# First Reds on Fly



## jbenge (Dec 18, 2007)

Started out my search the afternoon of June 12th at location "X" and after a few hours of wading we found a good group of reds tailing. After a few casts I stuck my first red. However it would end quickly, not sure if it was the fact that I was shaking in my wade boots but I cranked on this fish way to hard and my leader broke. With light fading and a completely disturbed flat we called it a day. Oh yeah "*picture guy*" missed the action! 

Next morning launched early and headed for the ULM. After a few hours of searching and winds picking up to about 25-30 mph we found a mother load of reds. Here I managed to stick and land my first red on a fly that went 30.5". I had about 10 other opportunities but never could get my fly to them. I also managed to get my first lesson in poling a skiff.

Have any of you ever managed to stick a pole in the mud and not be able to get it out in time and go falling off the platform? :rotfl:

:cheers:


----------



## Stuart (May 21, 2004)

Good job.

PS, you look just like Ish. :rotfl:


----------



## houfinchaser (Oct 10, 2008)

Great report and congrats on your first fish.


----------



## Ish (Oct 30, 2008)

The only thing you forgot to do when you hooked that tailing fish was yell out "SON!!!"

"Picture guy" had his work cut out for him. He was laughing too hard watching you flail away at that school. I don't know what was funnier, all the muffed casts, or how hard your knees were shaking!

Here he is feeding the fish:


Capt. Troutset in action... 


Unfortunately it broke off before I could get another picture off, but it was great watching you break your hymen.

And congrats on the big fish...1st fish = oversize fish. Sucks to be you. Not many people have the skills to land a 31" fish with only a couple of weekends of fly fishing under their belt.
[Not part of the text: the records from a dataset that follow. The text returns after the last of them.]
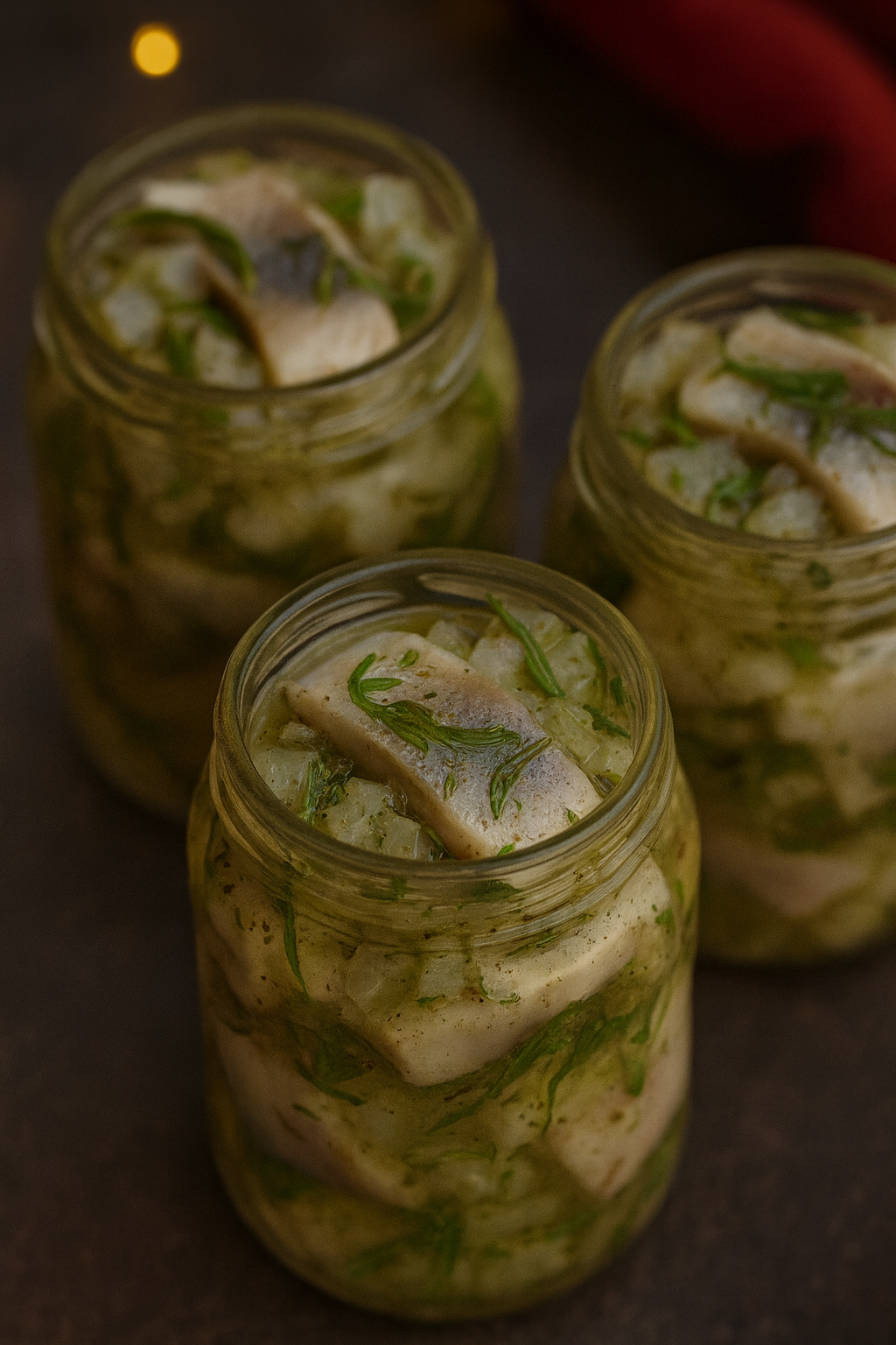 Składniki: Śledzie 500 g filetów śledziowych matjas 1,5–2 szklanki zimnej wody do moczenia Zalewa ziołowa 3 duże cebule…
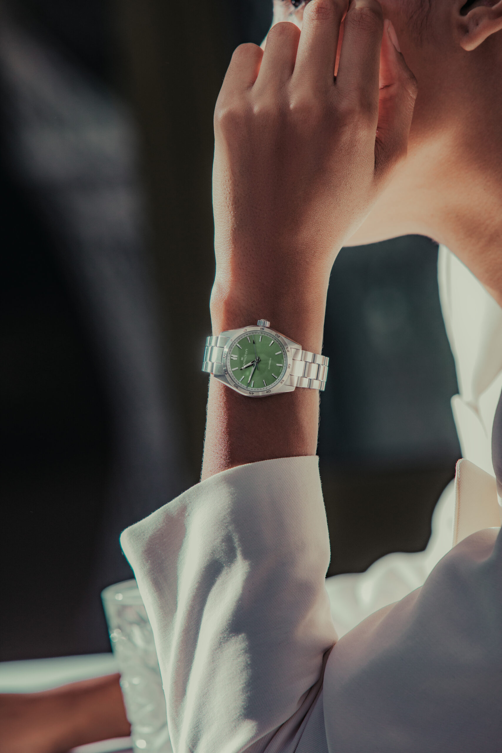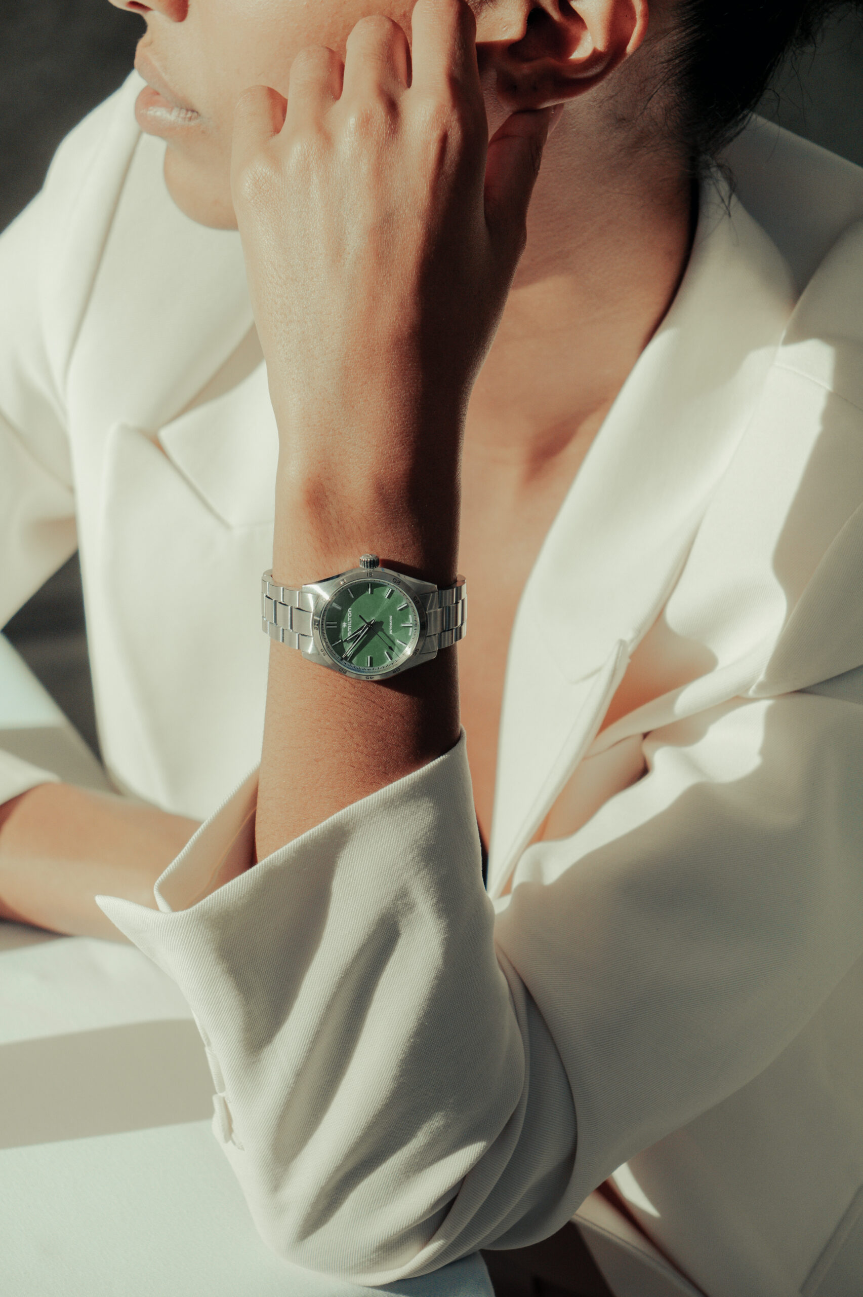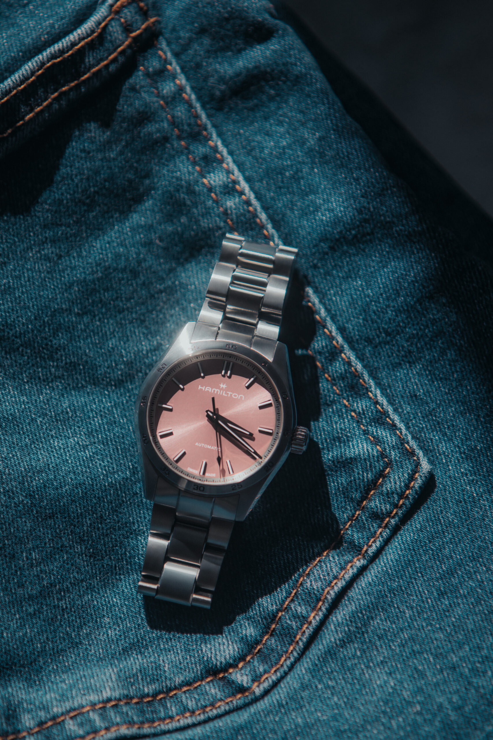 Des Coloris Captivants La Jazzmaster Performer de 34mm se distingue par quatre nouveaux coloris de cadran : argent pour un style versatile, rose poudré et violet pour un look audacieux, et un discret vert sauge. Ces ajouts renforcent l’identité visuelle de la collection, offrant des options pour chaque occasion et chaque personnalité.
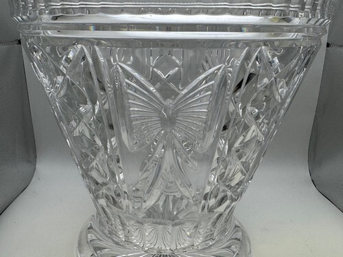 This large champagne bucket measures 10 1/2" in height and 9 3/4" in diameter and is in very good condition with no chips or cracks. It has some minor abrasions on the bottom from use.
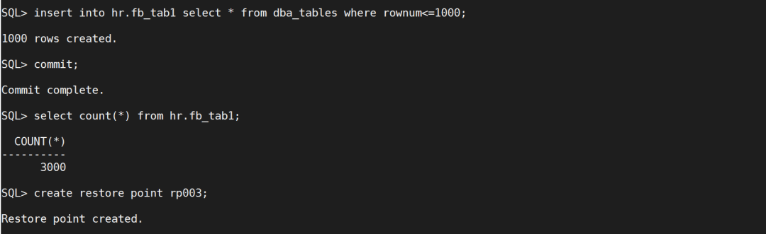 接下来,我们向这个表中添加1000条记录,认为是周二的数据情况,然后创建restore point名字为rp002。

(sorry, the pictures suck cuz the light sucked.)


----------



## Ish (Oct 30, 2008)

Stuart said:


> Good job.
> 
> PS, you look just like Ish. :rotfl:


i'm not that ugly.


----------



## jbenge (Dec 18, 2007)

*funny*



Ish said:


> I don't know what was funnier, all the muffed casts, or how hard your knees were shaking!
> http://img35.imageshack.us/i/shakinindaboots.jpg/
> 
> quote]
> ...


----------



## Stuart (May 21, 2004)

So y'all are BOTH in the witness protection program? Dude, I need to turn in some mafia guy or something.


----------



## wadespade (Mar 6, 2008)

thats awesome. congrats on the first red on fly.


----------



## jbenge (Dec 18, 2007)

*my pretty mug*



Stuart said:


> So y'all are BOTH in the witness protection program? Dude, I need to turn in some mafia guy or something.


Dude my pic is under my profile.


----------



## Ish (Oct 30, 2008)

so is mine.


----------



## JDM77 (Apr 4, 2009)

Benge/Ish - Y'all suck! Nice fish... I might have had better luck the other day had I not been inebriated and seen you waving me to the tailers...


----------